- [Work to be completed] Starting at the line that contains "Futuristic tablet showing", repeat each line of the listing below through the last one, exactly, and leave out every picture.

- [Dataset section]
- Opening Delimiter -

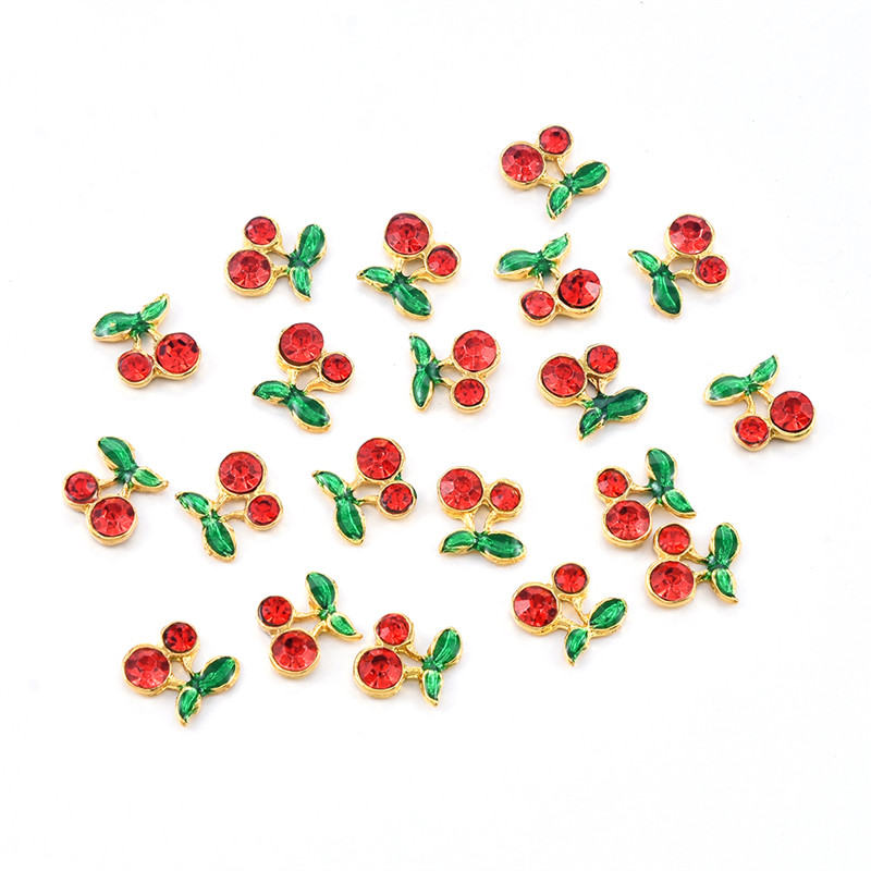 Material: alloy, rhinestoneColor: redShape: CherrySize: 5 * 6mmGender: femaleUses: suitable for manicure and pedicure
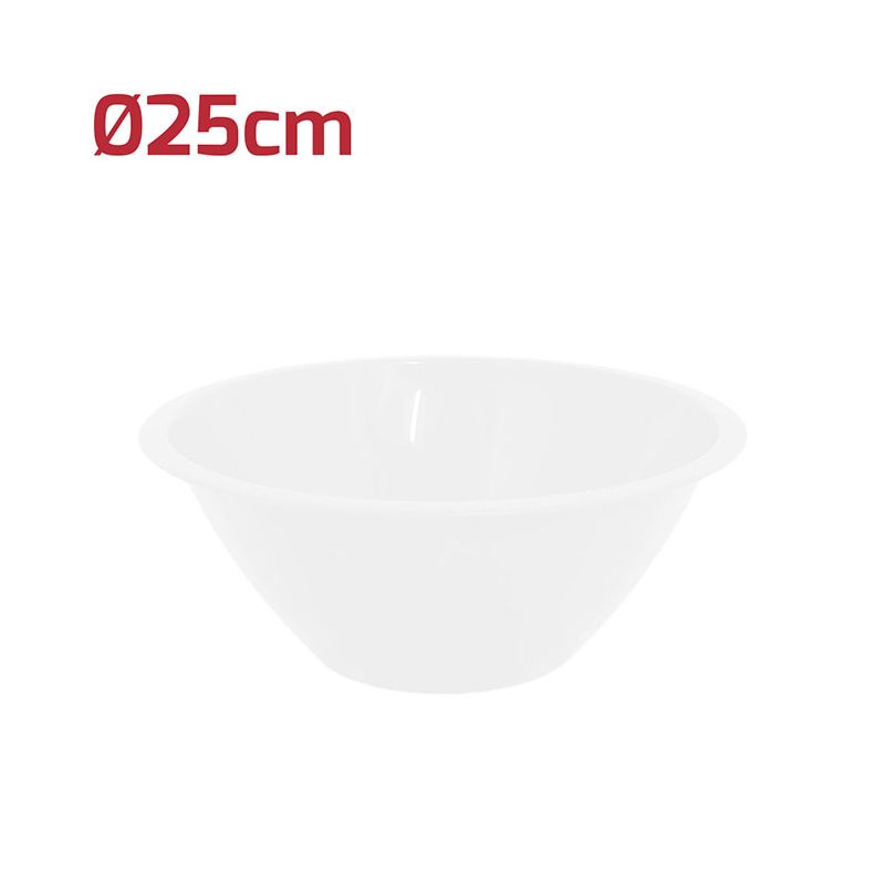Insalatiera Mediterranea Ø 25 cm in PP bianco ideale per servire insalate, frutta, patatine o pop corn. Con il suo design minimale si presta anche alle preparazioni in cucina. Con i suoi colori accesi invece renderà la tavola allegra e festosa. È riutilizzabile e lavabile in lavastoviglie.
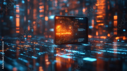 Futuristic tablet showing growing graph in digital environment
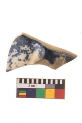 | Description / विवरण | Specimen of blue on white ware with decorative geometric Zig-zig pattern painting. |

- Closing Delimiter -

- [Result]
 Futuristic tablet showing growing graph in digital environment
 | Description / विवरण | Specimen of blue on white ware with decorative geometric Zig-zig pattern painting. |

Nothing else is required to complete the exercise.